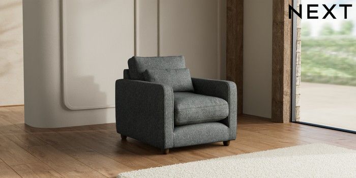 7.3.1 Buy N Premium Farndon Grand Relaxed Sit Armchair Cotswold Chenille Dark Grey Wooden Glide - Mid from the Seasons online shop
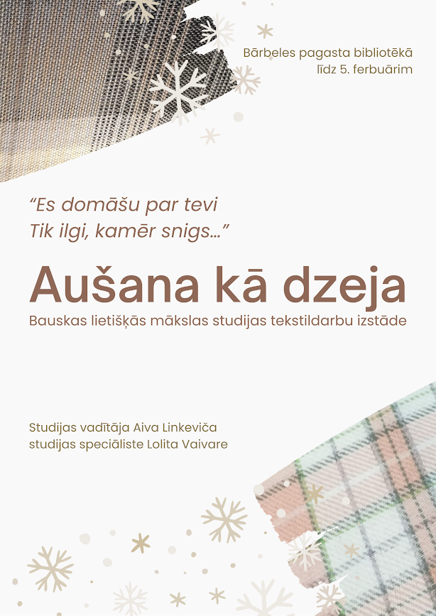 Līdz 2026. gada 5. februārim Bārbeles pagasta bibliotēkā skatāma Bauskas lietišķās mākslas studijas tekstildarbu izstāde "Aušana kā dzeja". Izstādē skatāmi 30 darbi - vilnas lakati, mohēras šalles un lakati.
◇ ◇ ◇ ◇
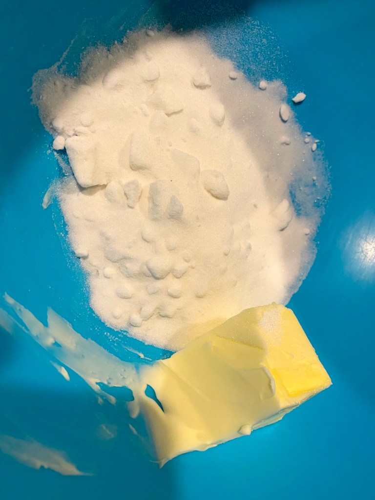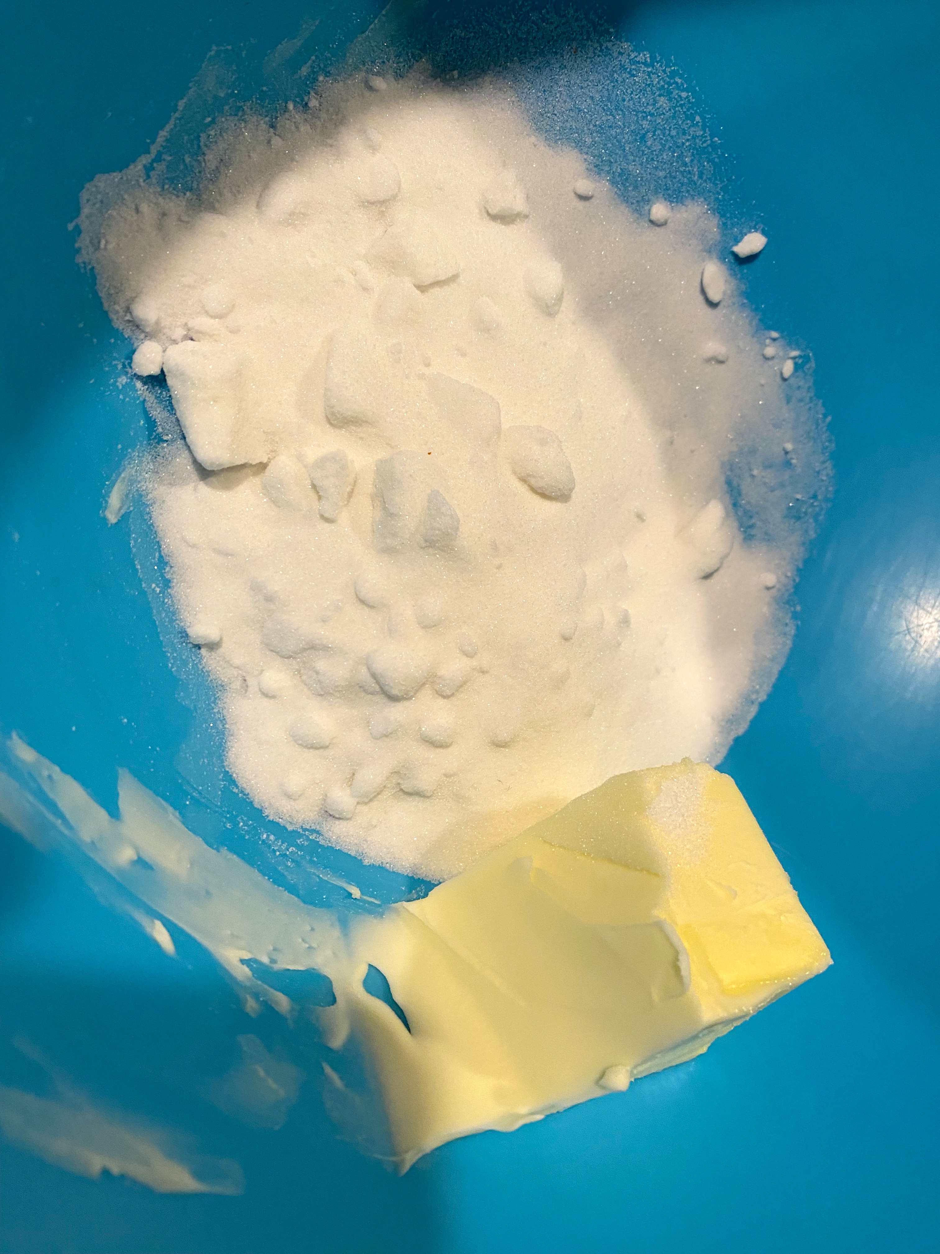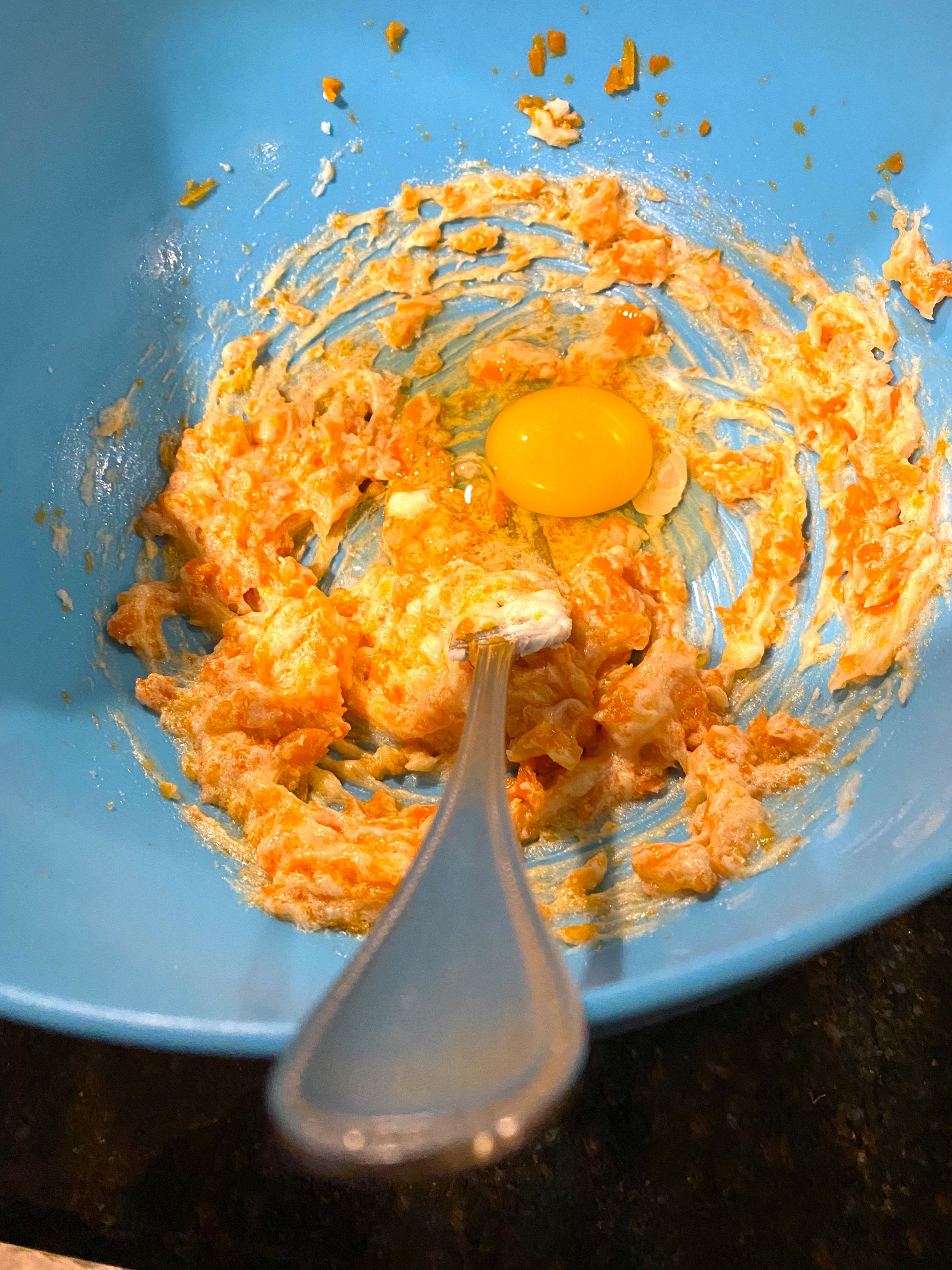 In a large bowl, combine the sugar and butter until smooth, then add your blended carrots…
◇ ◇ ◇ ◇
An exact copy is needed of the stretch above that opens with the line containing "7.3.1 Buy N" and closes with the line containing "Līdz 2026. gada"; the pictures are not part of it.

Answer area.
 7.3.1 Buy N Premium Farndon Grand Relaxed Sit Armchair Cotswold Chenille Dark Grey Wooden Glide - Mid from the Seasons online shop
 Līdz 2026. gada 5. februārim Bārbeles pagasta bibliotēkā skatāma Bauskas lietišķās mākslas studijas tekstildarbu izstāde "Aušana kā dzeja". Izstādē skatāmi 30 darbi - vilnas lakati, mohēras šalles un lakati.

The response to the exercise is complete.